The symmetry $U(3)_R \times U(3)_L$ does not have a dimension-nine
irreducible representation and consequently does not exhibit a nonet symmetry. 
We have therefore used the different notation $F_0$ for the decay constant 
of the singlet field.
The effective Lagrangian is formed with the fields $U(x)$,  
derivatives thereof and also includes both the quark mass matrix ${\cal M}$ and
the vacuum angle $\theta$: ${\cal L}_{\mbox{eff}}(U,\partial U,\ldots,
{\cal M},\theta)$. Under $U(3)_R \times U(3)_L$ the fields transform as
follows
\beq
U' = RUL^{\dagger} \q , \qq {\cal M}'= R{\cal M}L^{\dagger} \q , \qq
\theta'(x) = \theta(x) - 2 N_f \alpha
\eeq
with $R \in U(3)_R$, $L \in U(3)_L$,
but the Lagrangian remains invariant. 
In order to incorporate the baryons into the effective theory it is convenient
to form an object of axial-vector type with one derivative
\beq
u_{\mu} = i u^\dagger \nabla_{\mu} U u^\dagger
\eeq
with $\nabla_{\mu}$ being the covariant derivative of $U$.
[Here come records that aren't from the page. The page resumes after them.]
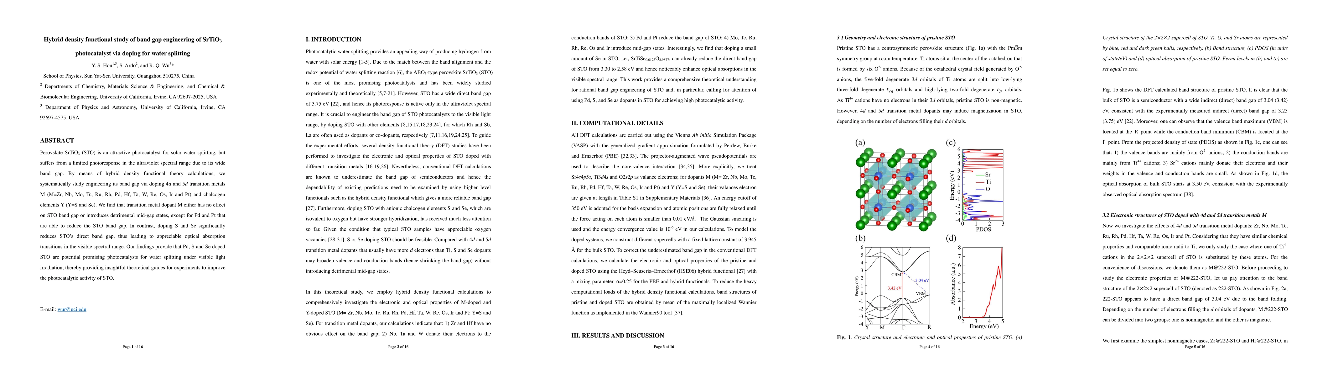 This study investigates SrTiO3 photocatalyst doping using hybrid density functional theory to enhance its photoresponse for water splitting. The research finds that while most dopants have negligible or negative effects, Pd and Pt reduce the band gap, and S and Se significantly lower it, suggesting Pd, S, and Se doped SrTiO3 as promising candidates for visible light-driven water splitting.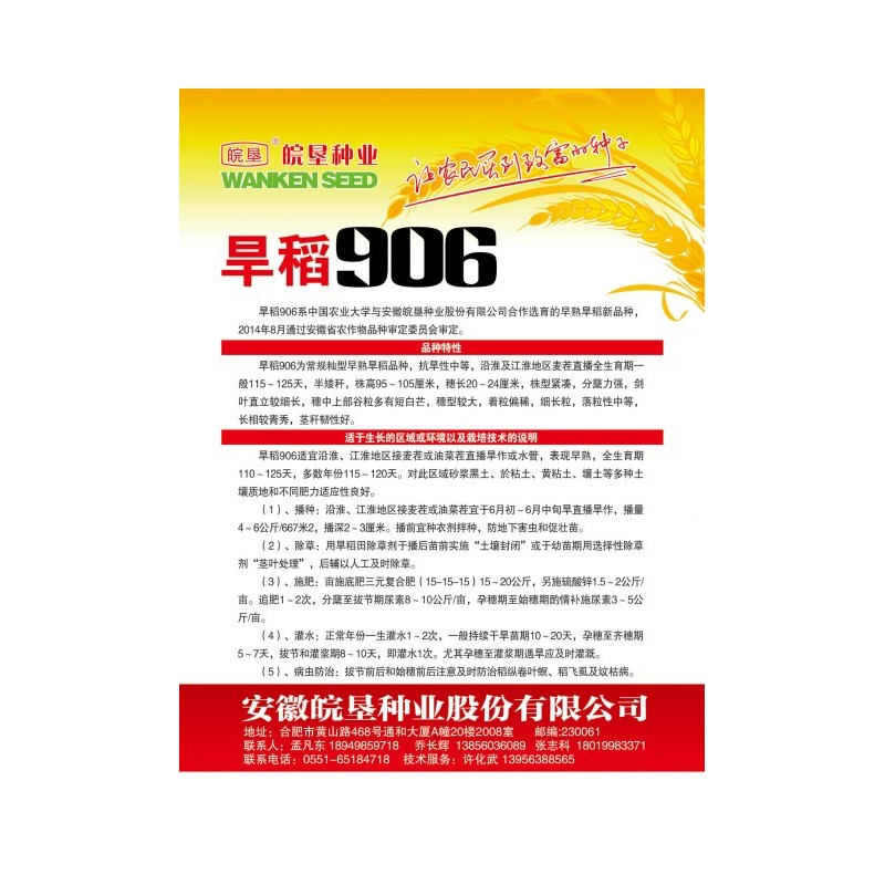 品種名稱:旱稻906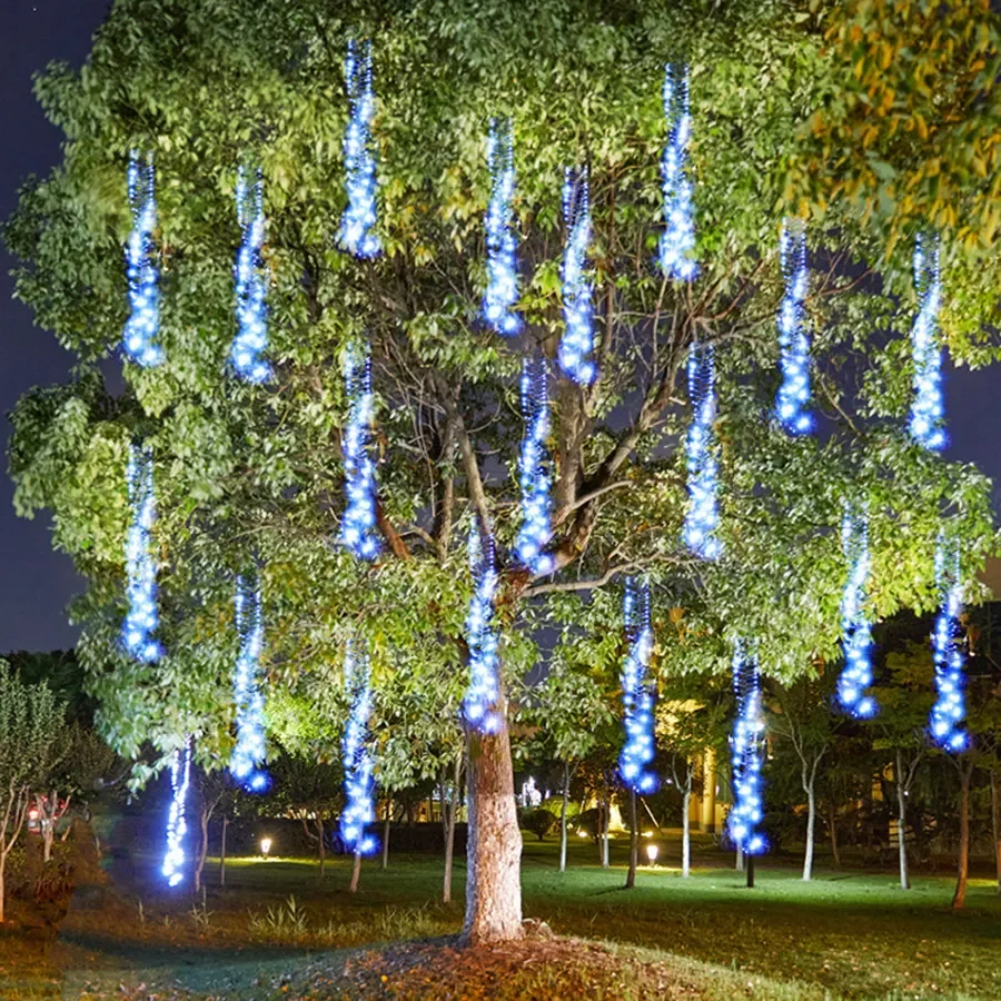 Thrisdar 6 IN1 Luci di ghiacciolo di Natale Pioggia di meteoriti per esterni Luce a pioggia Cascata Luce di stringa Luci di ghiacciolo a cascata per la decorazione dell’albero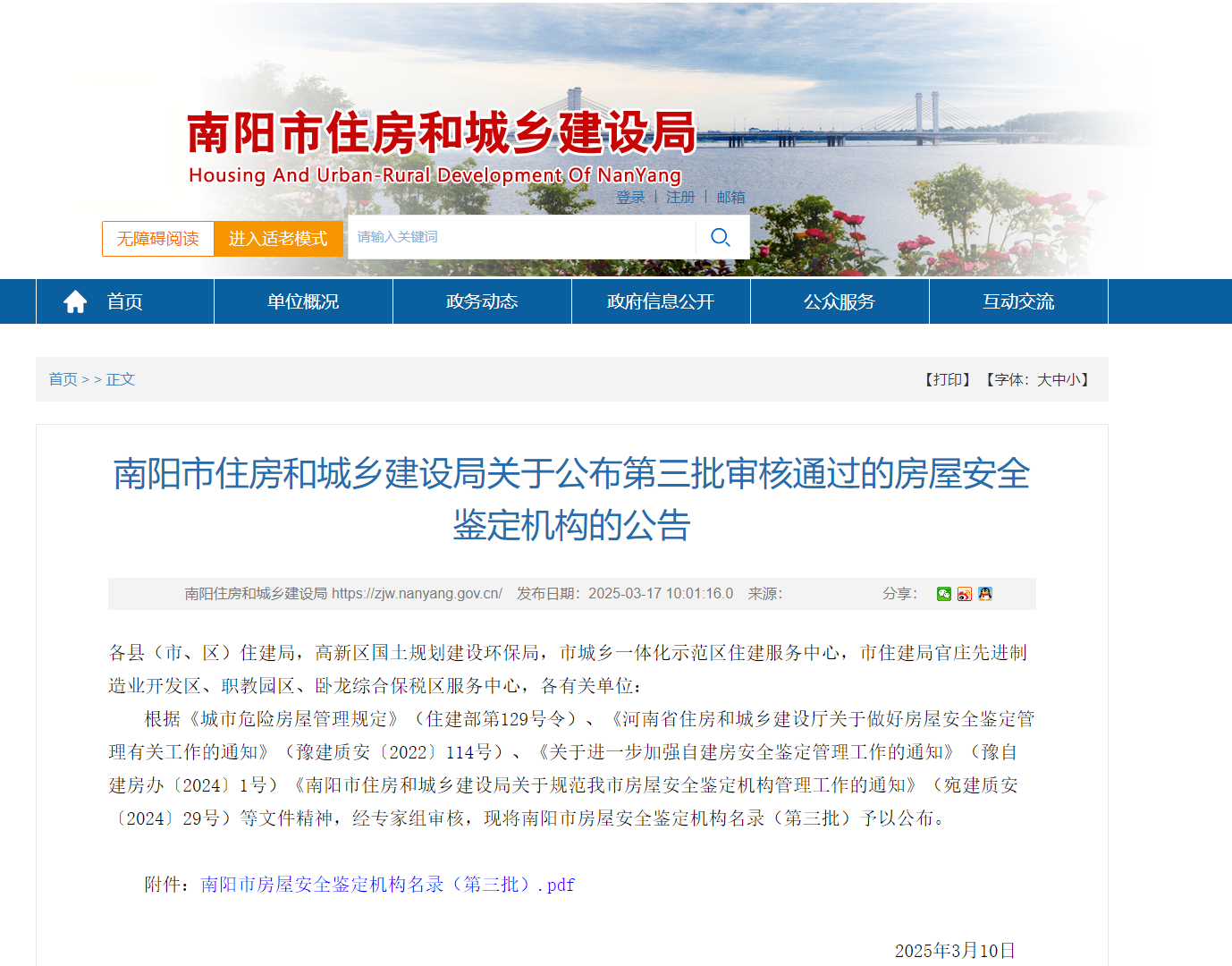 熱烈祝賀我司入冊(cè)南陽(yáng)市房屋安全鑒定機(jī)構(gòu)第三批名錄!!!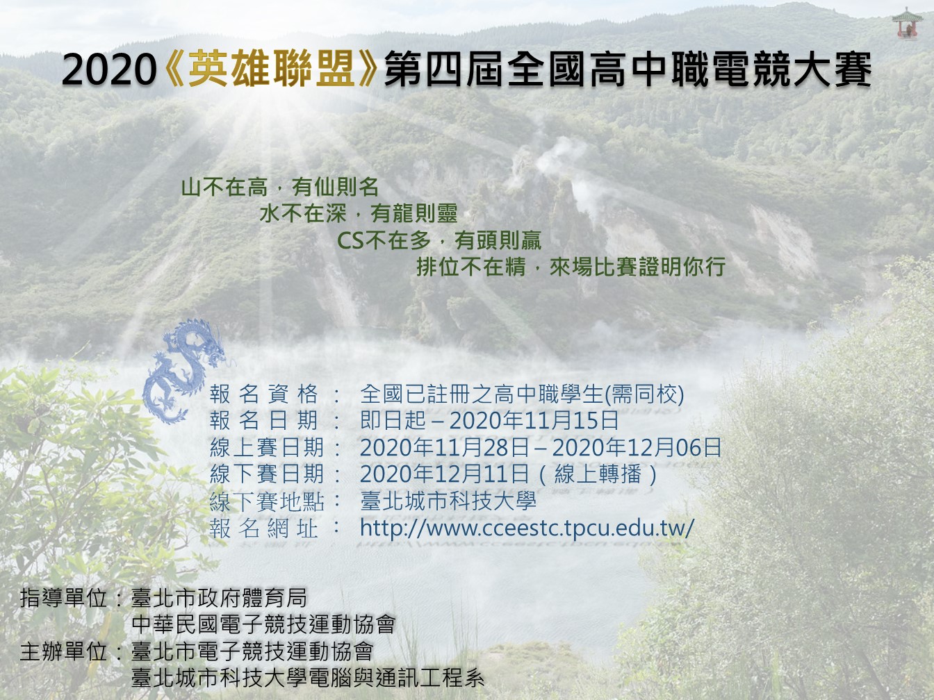 轉知:財團法人臺北城市科技大學電腦與通訊工程系主辦之『2020《英雄聯盟》第四屆全國高中職電競大賽』。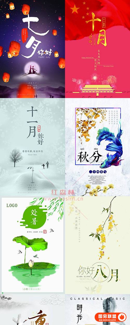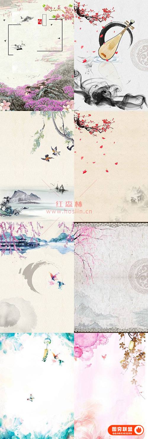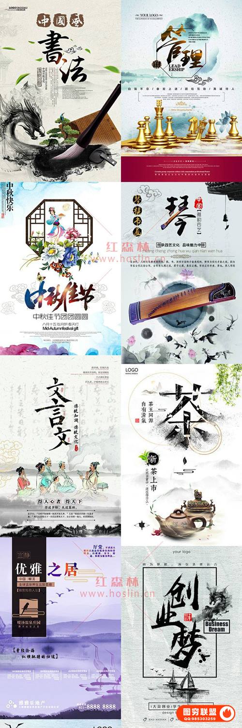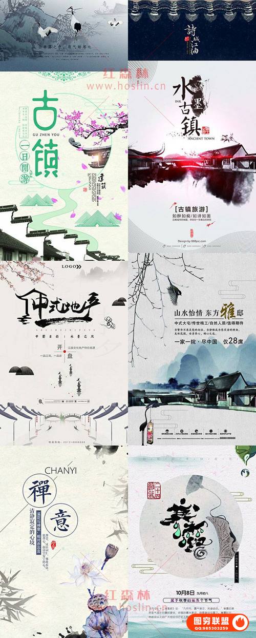 图穷联 » [PSD模板]77款中国风水墨古典古风禅意装饰画山水海报中式背景PS设计素材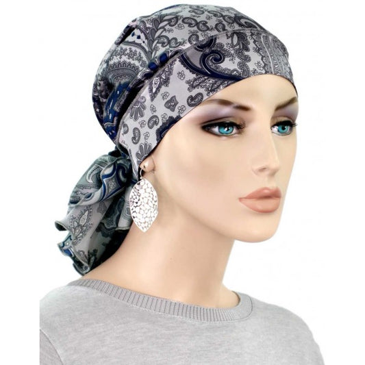 Silk Mini Calypso Headscarf, Navy Paisley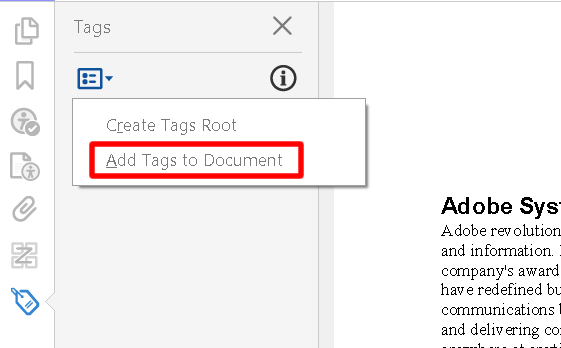 Open the PDF document that needs to be fixed in Adobe Acrobat. With the Tags panel open select Add Tags to Document from the Options button or with the Accessibility panel open in the Tools pane select the Add Tags to Document command See Figure 23. Click the Select a file button above or drag and drop a PDF into the drop zone.

The matrix $ u_{\mu}$ transforms under $U(3)_R \times U(3)_L$
as a matter field,
\beq
u_{\mu} \rightarrow u_{\mu}' = K u_{\mu} K^\dagger
\eeq
with $K(U,R,L)$ the compensator field representing an element of the conserved
subgroup $ U(3)_V$.
The phase of the determinant
det$U(x)=e^{i\sqrt{6}\eta_0/F_0}$ transforms  under axial $U(1)$ as
$\sqrt{6} \eta_0'/F_0 = \sqrt{6} \eta_0/F_0  + 2 N_f \alpha$ so that
the combination $\sqrt{6} \eta_0/F_0 + \theta$ remains invariant.
It is more convenient to replace the variable $\theta$ by this invariant
combination, ${\cal L}_{\mbox{eff}}= {\cal L}_{\mbox{eff}}(U,\partial U,\ldots,
{\cal M},\sqrt{6} \eta_0/F_0 + \theta)$.
One can now construct the effective Lagrangian in these
fields that respects the symmetries of the underlying theory.
In particular, the Lagrangian is invariant under $U(3)_R \times U(3)_L$
rotations of $U$ and ${\cal M}$ at a fixed value of the last argument.
The most general Lagrangian up to and including terms with two derivatives and
one factor of ${\cal M}$ reads
\beq  \label{mes}
{\cal L}_{\phi} = - V_0 + V_1 \langle u_{\mu} u^{\mu} \rangle 
+ V_2 \langle \chi_+ \rangle + i V_3 \langle \chi_- \rangle
+ V_4 \langle u_{\mu} \rangle \langle u^{\mu} \rangle .
\eeq
The expression $\langle \ldots \rangle$ denotes the trace in flavor space
and the quark mass matrix ${\cal M} = \mbox{diag}(m_u,m_d,m_s)$
enters in the combinations
\beq
\chi_\pm = 2 B_0 ( u {\cal M} u \pm  u^\dagger {\cal M} u^\dagger)
\eeq
with $B_0 = - \langle  0 | \bar{q} q | 0\rangle/ F_\pi^2$ the order
parameter of the spontaneous symmetry violation.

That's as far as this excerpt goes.